In this case, I saw an image of a white circle.  I felt within me a powerful urge to look at the circle and it stayed in my field of view for an extended moment.  Then it flipped in an instant and became a black circle.  Again the form of a black circle held itself in my mind for a long breath.  I felt within me how important this vision was.  I knew that I must attend to this, that there was a meaning here that far exceeded the simplicity of what I was seeing.
So I watched.
I watched as the circle began to flip again and again.  Back and forth, black and white like a spinning coin in my mind.  With each change it accelerated.   It was both ebony and ivory in that moment and neither of them, too.  The crispness of the black versus the white was important as well.  The message that came to me was that they were separate, and yet the same, never becoming grey in my mind.   I had no idea why this was significant.  I came out of my meditations feeling like I had been given some great gift, except that I had no idea what that gift was.
Fast forward to Yule this year, and I’ve been gifted a book penned by a Sufi teacher of the Naqshbandiyya-Mujaddidiyya Order.  It’s called The Darkening of the Light  by Llewellyn Vaughan-Lee and is a compilation of essays about his visions of the birth and death of a new Earth-soul that is the beginning of an era of non-materialism and unity.   These essays span the time from 2004-2012.   It is, in many ways, a beautiful book.  He writes about the Light overcoming the Darkness and how we must all come together in unity against the Darkness of greed, commercialism, and destruction.   He speaks eloquently against our global need to consume vast resources and waste our children’s future.   Slowly he descends into frustration as he watches the newborn Light of the World weaken, fade, and finally disappear. 

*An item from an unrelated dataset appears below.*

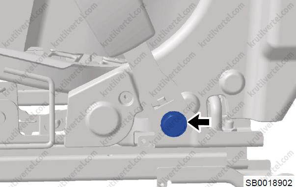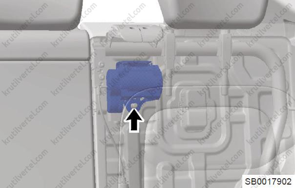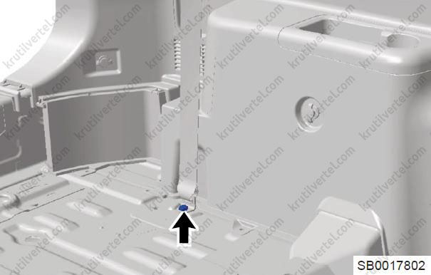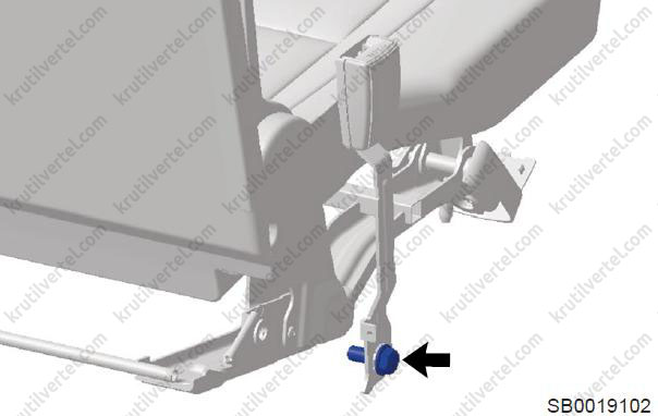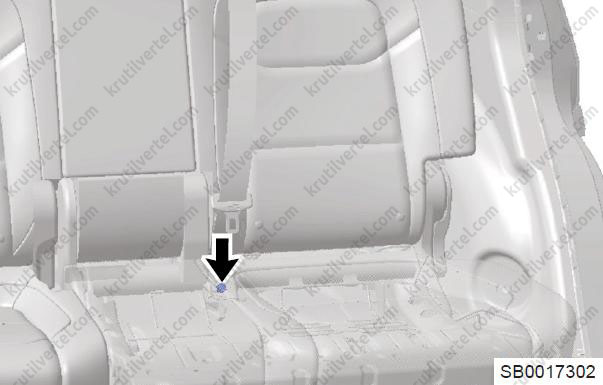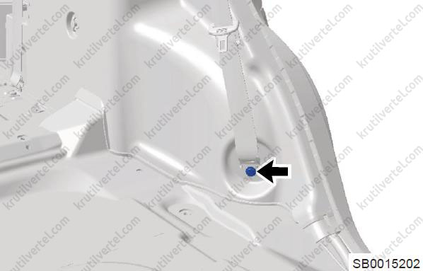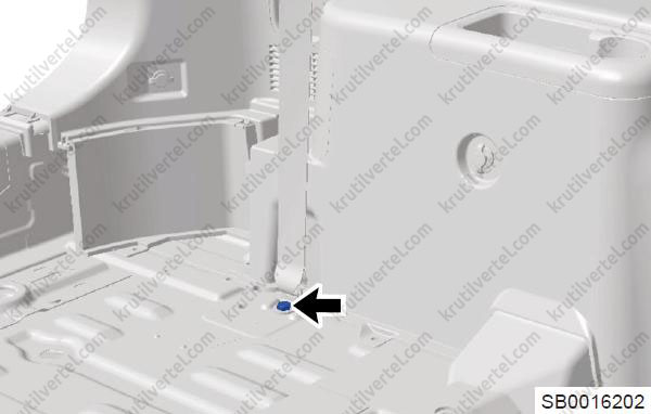 - Відкрутіть нижній болт кріплення ременя безпеки сидіння другого ряду (стрілка).

I feel his pain in many ways.  Ecological degradation, species extinction, and dwindling resources should be on everyone’s mind. But like many other spiritual leaders I have met or learned from, he cannot understand why everyone isn’t just WAKING UP!  He wants to know why everyone hasn’t just gotten on that bandwagon, taken up the call, and got busy saving the gosh darn planet!? I think there are a lot of reasons. 
One of them is Darkness.
Darkness is a metaphor.  We see it constantly.  The Dark is selfishness and greed.  It is big corporations trampling the little guy.  It is the man in a suit, the demon, the devil, death.  Darkness = Bad. Every time I read it I cringed.

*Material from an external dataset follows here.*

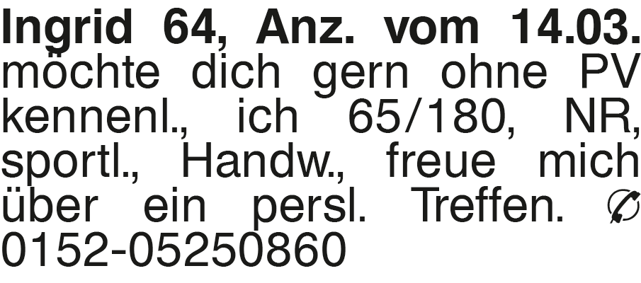 Ingrid 64, Anz. vom 14.03 möchte dich gern ohne PV kennenl., ich 65/180, NR, sportl., Handw., freue mich über ein persl. Treffen. Tel. 0152-05250860Das könnte Sie auch interessieren

I know now a part of why my vision was so vastly important to me.  Evil does not equal Darkness.   The same discomfort and unhappiness that I feel when someone says the word Nigger trails after the word Darkness.

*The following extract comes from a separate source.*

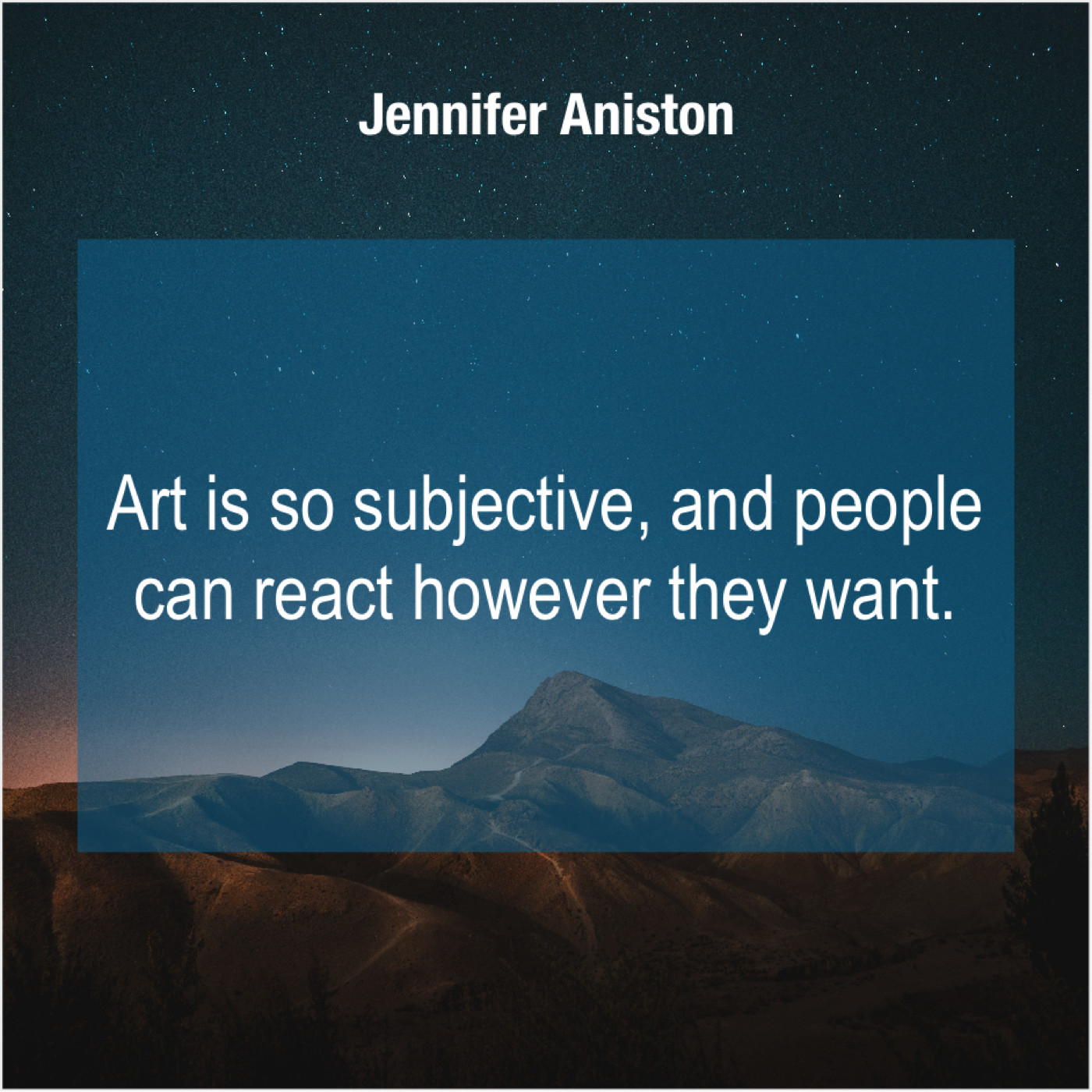 Jennifer Aniston Jennifer Aniston – Art is so subjective, and… January 19, 2019 admin “Art is so subjective, and people can react however they want.”-Jennifer Aniston

Except everyone uses this one.  It’s the Dark side of the Force.  It’s the Dark before Dawn, It’s there in our words, and in the words of the ancients.  The pre-Hindu peoples of the Vedas were obsessed with the light:
Bring us the light
The heavenly light
And all things that make us happy
Make us more perfect
Rgveda 9.9.2
Day after day we come to you
Who enlightens the darkness, O Agni,
Bringing with us our prayerful vision
Rgveda 1.1.7
Where the unfailing light shines,
In which world the sun is placed:
Place me in that immortal world beyond harm, O purifier.
Rgveda 9.113.9
Darkness totally freaked them out.  Again and again we see metaphors for the light as positive and the dark as negative.
But this is a polarizing viewpoint.  It creates a mentality where there are two options and only two.  One of these options is good, and one bad. Again, we see this everywhere.  Republicans and Democrats, war and peace, science and religion, even Coke versus Pepsi. 
But we know this to be incorrect.  There are limitless answers in the universe. People go to war out of love, people are inspired to study the world by religion and frankly I don’t like Coke or Pepsi.  Life is so much more complicated than that. 
The world is so vast and both the Darkness and the Light need room to move and be explored as metaphors for beauty and strength.  As either end of a spectrum of visual understanding they represent both the beginning and the end.  Both are important.  So the next time that someone talks about Darkness as Evil try to think of a different metaphor.  Stretch your mind to reach into new territory.  As pagans we are the ideal tribe to do so.  As ritualists and word smiths working within a young religion we have the room to create new visions. Is this not the job of the Tribe of the Outsiders?
Certainly I am not the first person to say these things, and I hope I will not be the last.  I would charge each person who reads this to find ways to speak of hope and life in metaphors of darkness.  Both the Light and the Dark are essential to the coming days. I felt pity for Llewellyn Vaughan-Lee’s vision of a loss of soul and sacredness of the earth and her people.   But I know in my heart that real change doesn’t come from visions unless vision drives action in this world.  Just like people who cast money spells but don’t fill out job applications, we can choose to live in apathy and fear or we can choose to see our world for what it is and do something about it.  I choose to embrace the Dark.
I will leave you with a poem I wrote some time ago, may it be pleasing to you, dear reader:
In the darkness all things abide. In the light all things collide.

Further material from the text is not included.